Parasomnia is the sixteenth studio album by American progressive metal band Dream Theater, released on February 7, 2025. It is the band's first studio album to feature original drummer Mike Portnoy since Black Clouds & Silver Linings (2009), nearly sixteen years earlier; it is also the first album with Portnoy to not feature him as co-producer since Falling into Infinity (1997).

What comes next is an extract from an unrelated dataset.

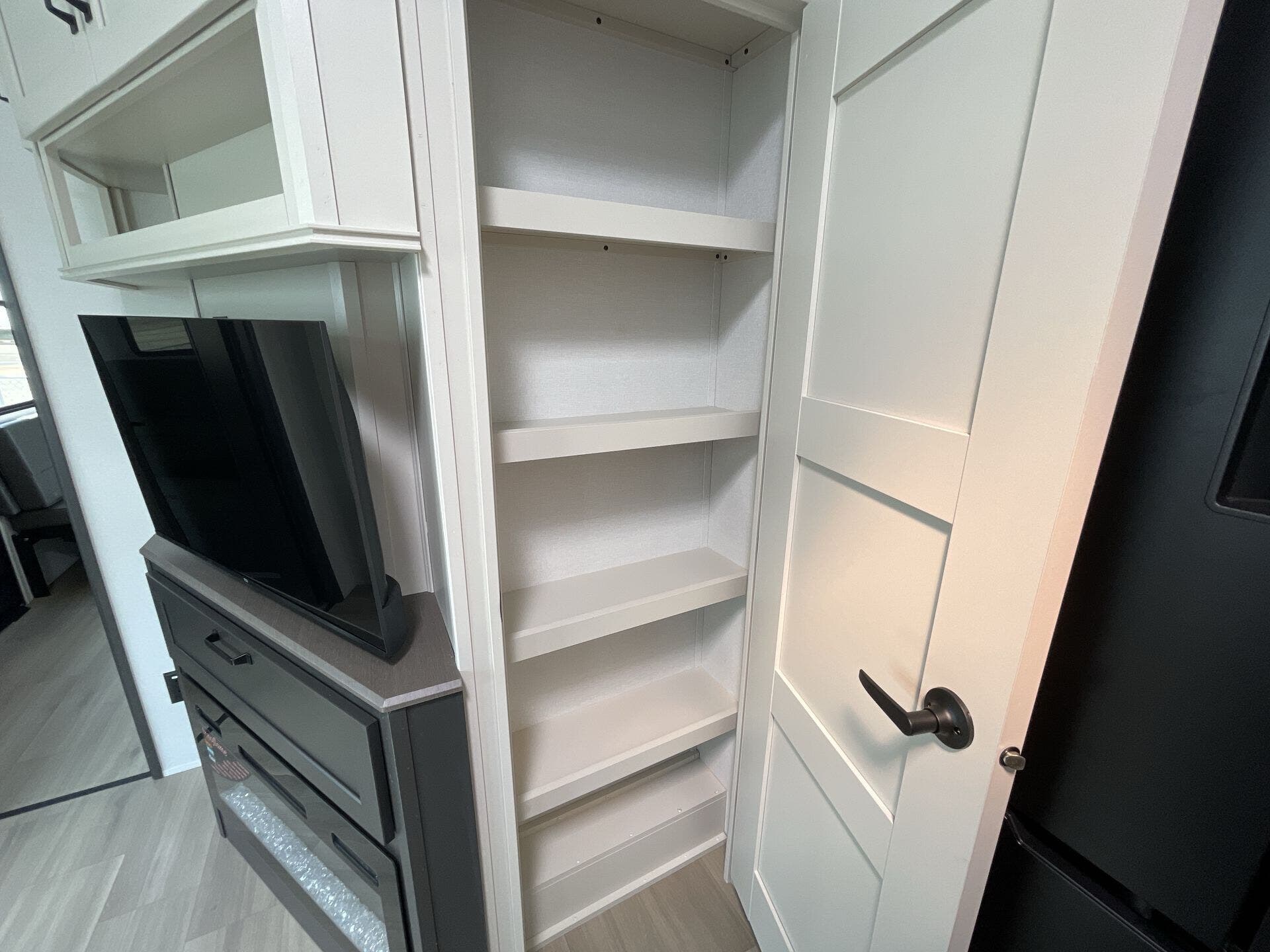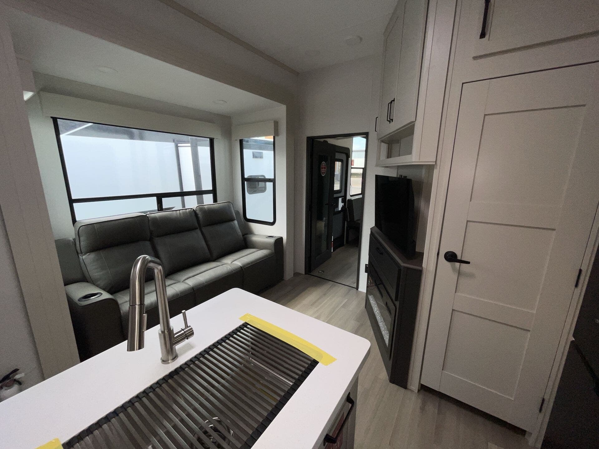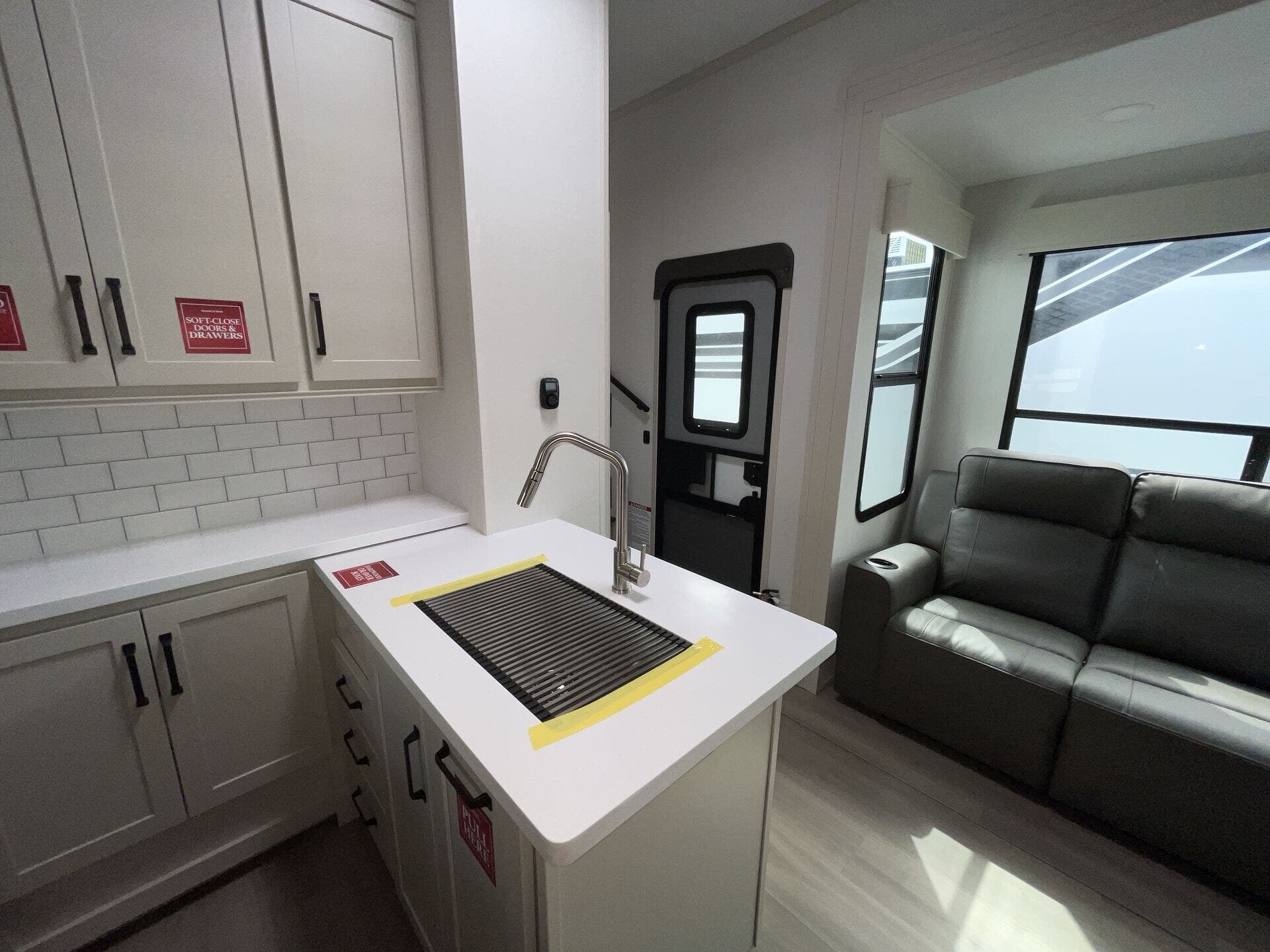 When it’s time to unwind, the private front master suite offers a queen bed (with king option), spacious wardrobe, and direct access to the full bathroom with a large shower and premium fixtures. Built with Grand Design’s renowned quality, including an insulated all-season package and heavy-duty frame, the Momentum G-Class 350G ensures comfort and durability no matter where the road leads. It’s the perfect choice for thrill-seekers who want to take on big adventures while enjoying big comfort.

==Background and production==
Dream Theater's intention to work on their sixteenth studio album was first mentioned about six months after the release of A View from the Top of the World, with keyboardist Jordan Rudess speaking to VW Music about the band's future plans: "After we get back from its last show of the European tour we have a bit of a break. And after I finish my solo shows, Dream Theater will continue on the road with some shows in Japan, South America, and more to be announced as we go. When that settles down, we'll be entering the studio again, and doing a new album, which will be awesome. So, yeah, stuff like that is on the horizon."

In October 2022, guitarist John Petrucci stated that Dream Theater would begin recording their sixteenth studio album in late 2023. Two months later, frontman James LaBrie said that he did not "see [the band] going into the studio until the beginning of '24", adding, "I don't think it would make sense to be in there before then. But don't quote me on that. Some things always change."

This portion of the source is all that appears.